§ Assignment:
Down to the last line, print the data that follows exactly, without its pictures.
··· Entries provided
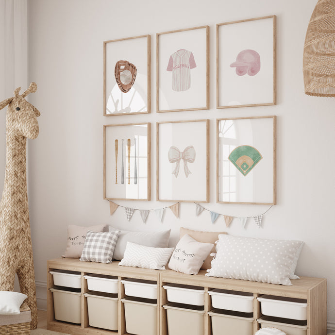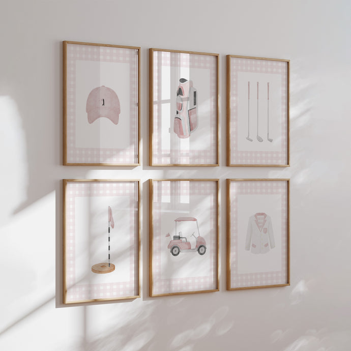 Pink gingham pattern watercolor golf set of 6 art print 07-31103
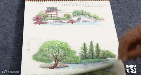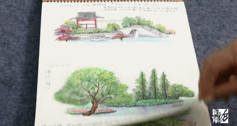 2016年起,高老伯就开始用手中的笔,图文并茂地记录自己的生活。高老伯说,因为当时他没有智能手机,所以他就想到了画画的方式。每到一个地方,就把它画下来,回到家里再加工上色。从松江广富林到顾村公园的荷花,从新冠肺炎疫情暴发到上海援鄂医疗队凯旋,每处美景、每段故事、每个生活的小片段,高老伯都用图画和简单的文字记录下来。
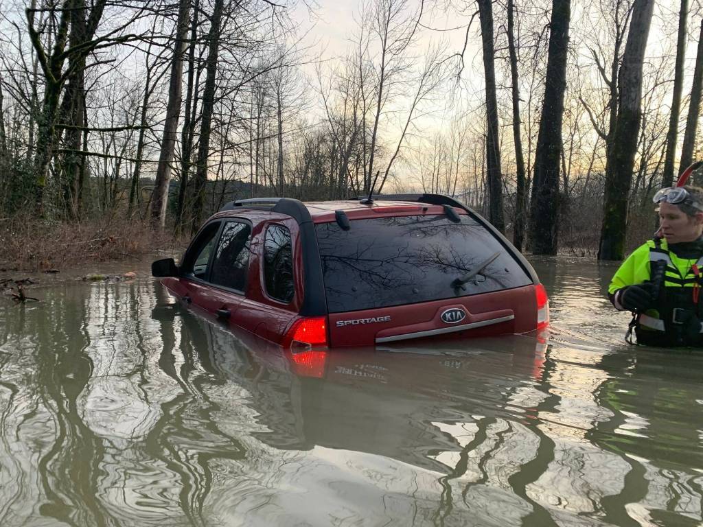 “They followed the suspect vehicle into Fall City where the suspect drove the car into a street that was covered in water and ended up in over four feet of water, at which point he surrendered,” said Black.
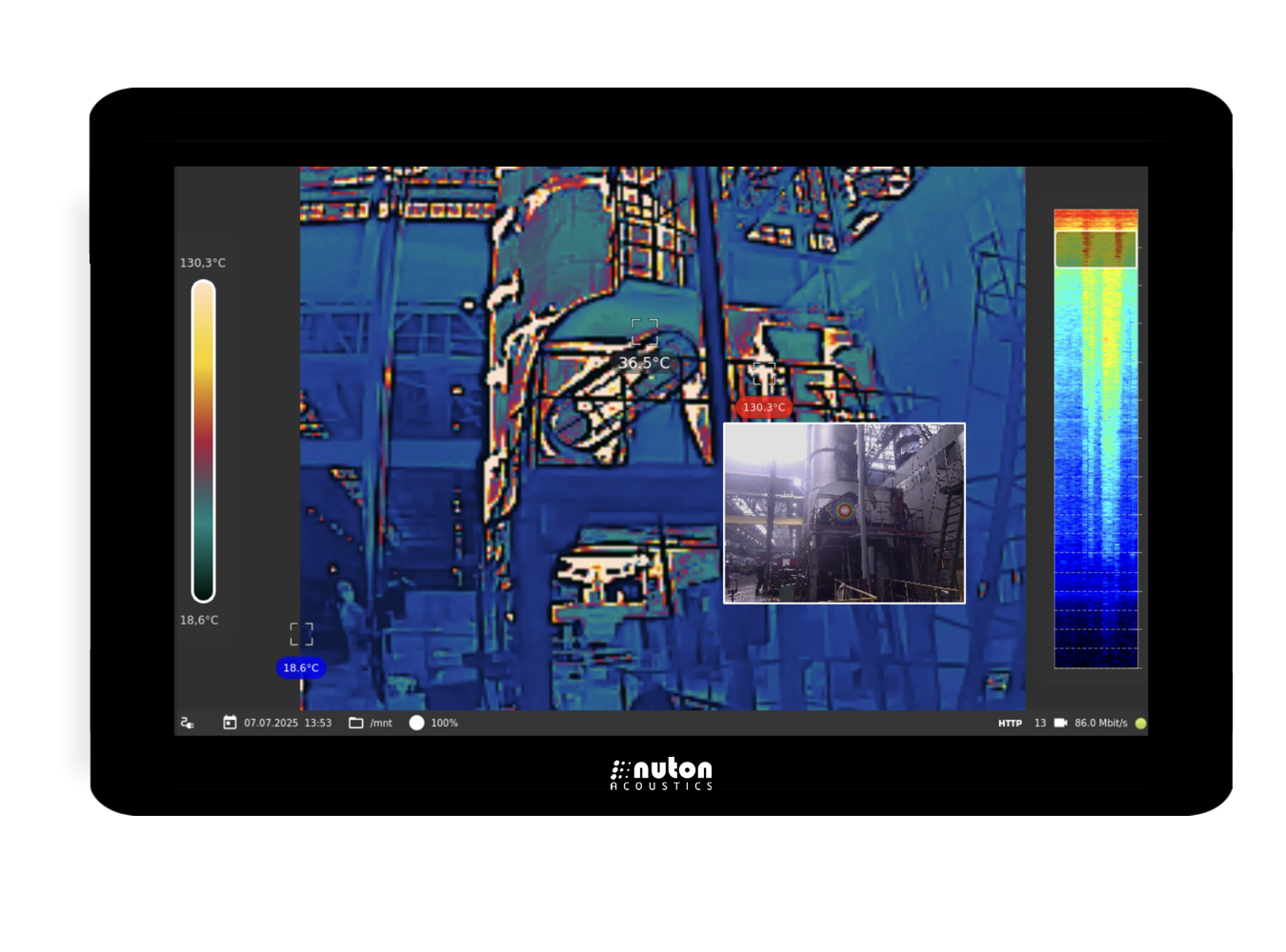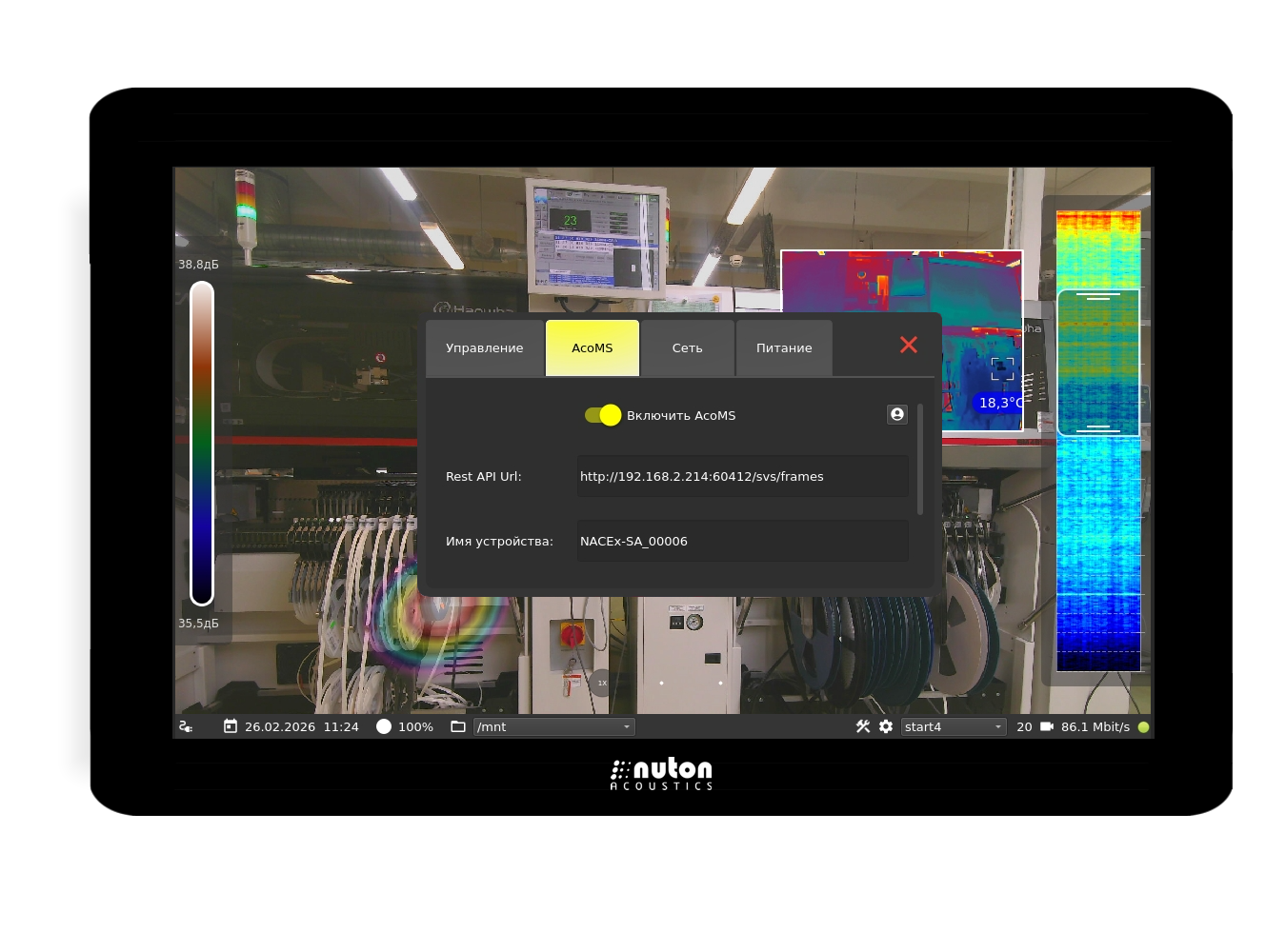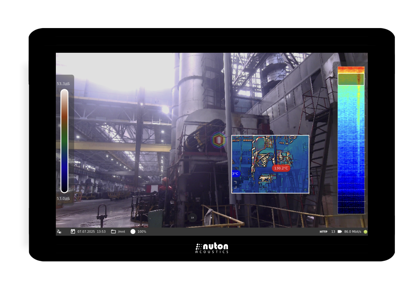 Designed for stationary installation in explosive zones of classes 1, 2, 21 and 22 for the purpose of continuous non-contact monitoring of the condition of technical equipment by measuring the sound pressure level of acoustic noise, operational video surveillance, thermal imaging (version with a thermal imaging module) and real-time visualization of the acoustic field in the sound frequency range resulting from defects in mechanical equipment
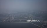 Suasana Kota Jakarta yang tertutup asap putih dilihat dari pesawat di Jakarta, Jumat (21/6/2024). Berdasarkan data situs pemantau kualitas udara IQAir pada pukul 14.53 WIB, Indeks Kualitas Udara (Air Quality Index/AQI) di Jakarta berada pada angka 159 atau masuk ke dalam kategori tidak sehat dengan konsentrasi partikel (PM2.5) di angka 67.5 mikrongram per meter kubik (µg/m³). (FOTO : ANTARA FOTO/Dhemas Reviyanto)
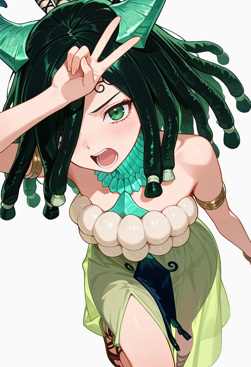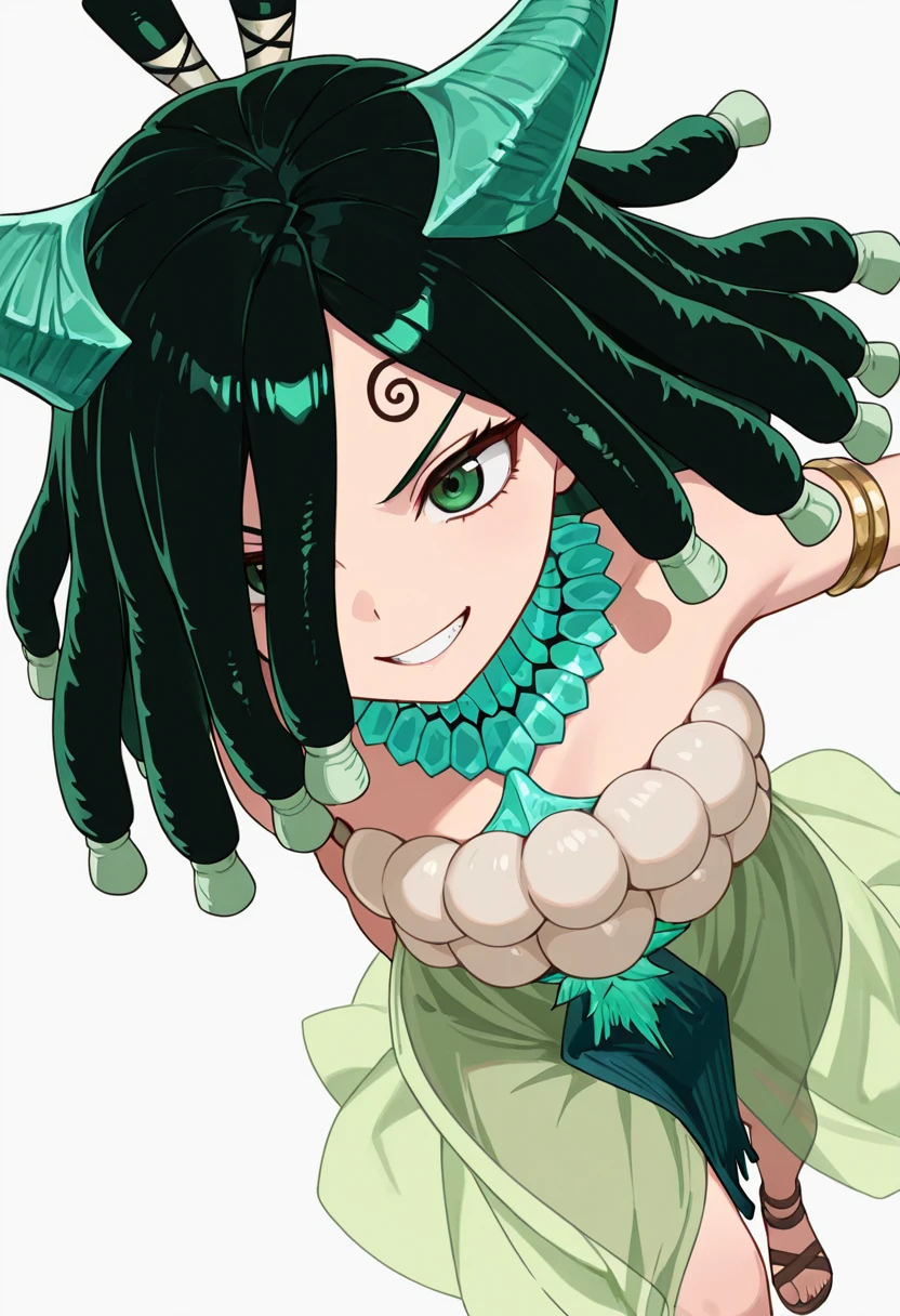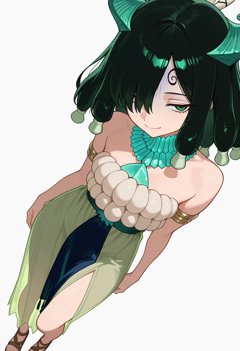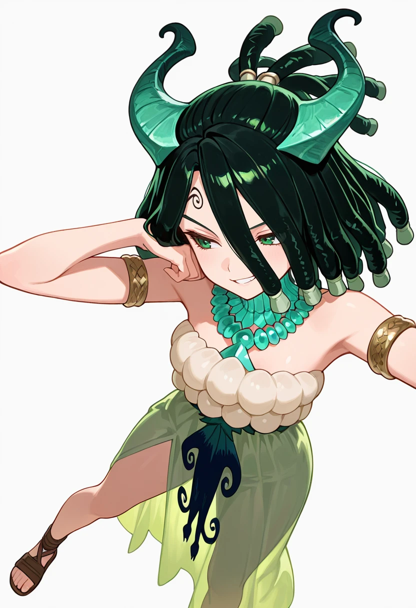 kirisame_cnr, 1girl, black hair, green eyes, green hair, long hair,horns,hair tubes,dreadlocks, facial mark,hair over one eye,
······
§ Problem solution:
 Pink gingham pattern watercolor golf set of 6 art print 07-31103
 2016年起,高老伯就开始用手中的笔,图文并茂地记录自己的生活。高老伯说,因为当时他没有智能手机,所以他就想到了画画的方式。每到一个地方,就把它画下来,回到家里再加工上色。从松江广富林到顾村公园的荷花,从新冠肺炎疫情暴发到上海援鄂医疗队凯旋,每处美景、每段故事、每个生活的小片段,高老伯都用图画和简单的文字记录下来。
 “They followed the suspect vehicle into Fall City where the suspect drove the car into a street that was covered in water and ended up in over four feet of water, at which point he surrendered,” said Black.
 Designed for stationary installation in explosive zones of classes 1, 2, 21 and 22 for the purpose of continuous non-contact monitoring of the condition of technical equipment by measuring the sound pressure level of acoustic noise, operational video surveillance, thermal imaging (version with a thermal imaging module) and real-time visualization of the acoustic field in the sound frequency range resulting from defects in mechanical equipment
 Suasana Kota Jakarta yang tertutup asap putih dilihat dari pesawat di Jakarta, Jumat (21/6/2024). Berdasarkan data situs pemantau kualitas udara IQAir pada pukul 14.53 WIB, Indeks Kualitas Udara (Air Quality Index/AQI) di Jakarta berada pada angka 159 atau masuk ke dalam kategori tidak sehat dengan konsentrasi partikel (PM2.5) di angka 67.5 mikrongram per meter kubik (µg/m³). (FOTO : ANTARA FOTO/Dhemas Reviyanto)
 kirisame_cnr, 1girl, black hair, green eyes, green hair, long hair,horns,hair tubes,dreadlocks, facial mark,hair over one eye,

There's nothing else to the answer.